In the below, I will use the pronoun 'he' purely for convenience and may swear
a bit.

When you're in a brigade, you're called 'a chef', but there's only one chef
called 'the chef' and you are cooking his food. If he had 30 arms he'd do it
himself, but he doesn't, so he employs 14 wastrels to make up the deficit.
Make no mistake: you are an extension of the chef's body, your hands are his
hands, your garnishes are his garnishes, and your mistakes are his mistakes.
(Indeed, in the trade, you don't say 'I'm going to work at Noma' , you say
'I'm going to cook for Redzepi').

The chef probably sacrificed the best years of his life toiling on his feet
for 70 hours a week, saving, learning, forming opinions and dreaming of the
day he can cook his own food. Most people cave in, change careers or hit 50
and can't keep up any more. Chef is balancing years of agony and reverie on
the improbable fulcrum of his restaurant, which he genuinely believes could
come toppling down if his peppers aren't julienned properly. Except he doesn't
julienne them. You do.

'What the fuck is this?' 'Peppers, chef.' 'Don't fuck with me. I wrote the
menu. Read it. READ IT!' 'Raw scallop and peppers julienne.' 'Well, these are
diced, we're behind on checks already, there's no peppers left and now the
most important critic in the country is going to think I don't know what a
fucking julienne looks like. Get in the prep kitchen and get Robbie on the
pass. Fuck sake.' 'Yes, chef.'

What's the first thing that commis is going to do when he gets home, exhausted
and aching? Crack open his Larousse and learn his damn cuts.
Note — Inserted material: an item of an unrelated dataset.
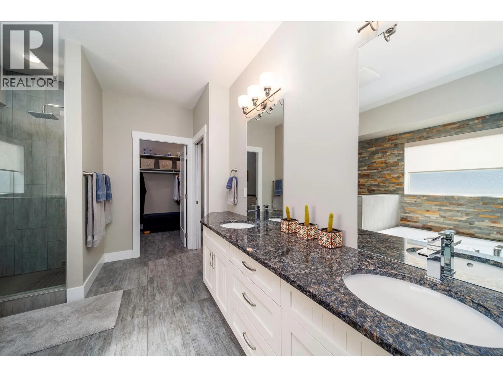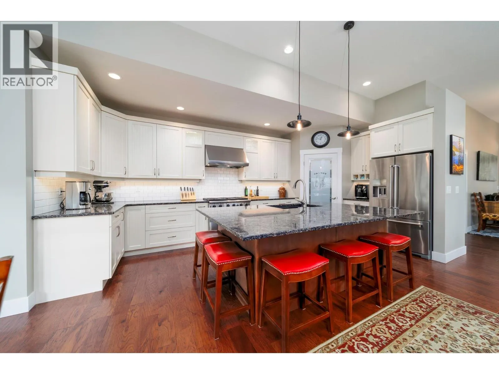 Welcome to an executive retreat in the prestigious Lakes communityâwhere elegance meets everyday comfort! From the moment you step into the soaring 14-foot foyer, this 4-bedroom, 3-bath residence impresses with its space and sophistication. The open-concept design flows seamlessly, highlighted by a custom mantel fireplace and walls of windows that fill the home with natural light. At its heart, the chefâs kitchen is both stylish and functional, featuring a 6-burner gas range, oversized island with breakfast bar, wine fridge, granite countertops, timeless cabinetry, and walk-in pantry. Whether entertaining or enjoying a quiet evening in, the covered patioâcomplete with gas hookupâoffers the perfect setting for outdoor dining or morning coffee. The primary suite is a private sanctuary with deck access, while the spa-inspired ensuite pampers with a soaker tub, rainfall shower, heated floors, dual vanities, and custom walk-in closet. The walk-out basement is designed for relaxation and entertainment, boasting a spacious rec room, two additional bedrooms, full bath, and flexible space for office or storage. Outside, low-maintenance xeriscaping blends beauty with function, featuring drought-tolerant plantings that enhance privacy and appeal. Evenings can be enjoyed fireside with family and friends, while the freshly landscaped front yard ensures lasting curb appeal. Additional features include a double garage with convenient access to the laundry room. (id:27476)

Chef made it through one of the most brutal industries in the world and is
wagering his life savings on the bullshit odds of running a kitchen not for
fame, not for money, but for the all-consuming joy of seeing his food, on his
plates, being served to his customers. It is pure, beautiful, passionate
narcissism. And fuck me if he won't let it all slide way because your sorry
ass never learned how to properly julienne a fucking pepper.

Add that to the sincere hell of standing tooth by jowl with your sweaty, tired
comrades in immense heat and pressure serving your last grilled octopus at
11:15pm, adrenaline dumping as you put your section back together to get ready
for the breakfast shift in 7 hours and, yes, things get a little tense.

Not all kitchens are like this, but it is the default setting in those
environments and preventing it takes conscious effort.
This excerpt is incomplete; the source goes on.